Saturday, February 22, 2014

The Olympics

My friends haven't seen much of me the last two weeks. It's the Olympics! Since I was a little child I have been mesmerized by all the jumping, gliding, flying, tripping and floating of the winter events.  I swear I could hum the Russian national anthem by the time I was ten. I thought it was the most majestic melody I'd ever heard.  Go figure.

I still love it all, especially the figure skating. If you read my blog while I was in Alaska, you'll recall that I found a frozen lake under a mountain (actually, everything in Alaska is under or on top of a mountain), and skated my little heart out, pretending to be Peggy Fleming (http://betterthanlaughter.blogspot.com/2011/02/skating.html). What was fantasy to me, is real for these competitors this week. And I was able to watch it live in the mornings when there were few interruptions, and I could be among the first to see it all unfold in real time. Thanks for understanding, all of you friends who watched some of it with me and all of you who didn't try to drag me away. Believe me, it was spiritual!

So I had this strange anxiety dream last night (Don't start yawning until you hear it). I was teaching school again, just coming in on a Monday morning. I guess it had been a busy weekend because I had absolutely no idea what the lessons were for the week. In real life, this could only happen if you had just awakened from amnesia ("Oh, am I the teacher?") or discovered you had the winning lottery ticket and were only there to say goodbye. A day without lesson plans lasts ten years, and you are not well at the end of it (Don't ask me how I know).

But in my dream it didn't seem like a big deal. I was getting the children settled when in walks my former principal, the one I had when I taught in St. Pete years ago. She smiled and, with clipboard in hand, took a seat and said she was there to observe for half an hour or so. If you are a teacher, you get it!  Observation equals evaluation. There are only one or two a year (or there used to be) and you'd better be on for this. Your career could ride on it.

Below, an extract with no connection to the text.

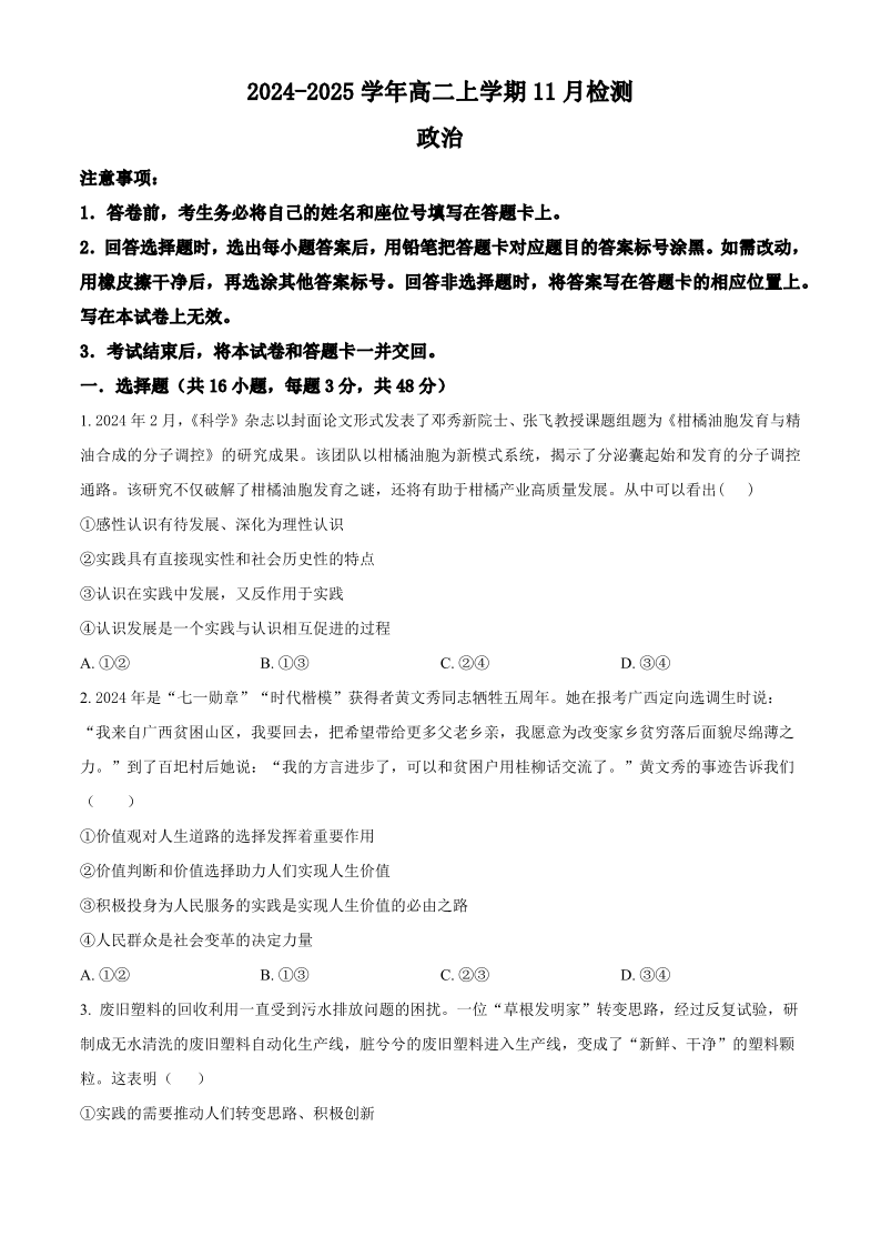 河南省安阳市林州市第一中学2024-2025学年高二上学期11月检测 政治及答案

I distinctly recall the feelings I was having in my dream. The "OH NO!!!, ARE YOU KIDDING ME????" kind of aggravated panic, but also a "Hey, I can handle this!" kind of  in-your-face optimism. I quickly perused the reading guide to see what story I was supposed to be teaching. With an air of confidence and calmness I picked up my book and took my seat with all the children around me in a circle. The principal was still smiling expectantly, her pen in hand.

For just that moment, I think, in my subconscious mind anyway, I was on the Olympic stage. It had all come down to this one performance. All the college classes, the staff development, the meetings, trainings, experience.......all rested on this reading lesson that I had not a clue about. I knew I was about to experience "the thrill of victory or the agony of defeat" in my own realm. The world stopped turning for that few seconds as I took the ice........er, I mean.... opened the book.

This has got to be why I love watching the Olympics. It isn't about them so much as it's about me......the triumphs, the disappointments, the strength, stamina, and determination to git 'er done, no matter what the challenge. I need some Olympic Spirit!  Don't we all!? I am grateful for the chance to tap into that colossal chunk of inspiration,  then personalize it and use it to take my place among my fellow humans.

Want to know how the dream ended? This is hilarious! Just at that moment of truth, when everything was on the line, the door swung open and a teacher's aid announced, "Ice cream for everyone!" Without hesitation,  she proceeded to pass it out to the explosive cheers of the jubilant (if diminutive) crowd.  The principal left the room.

I have only one question......does this mean I won or lost???????????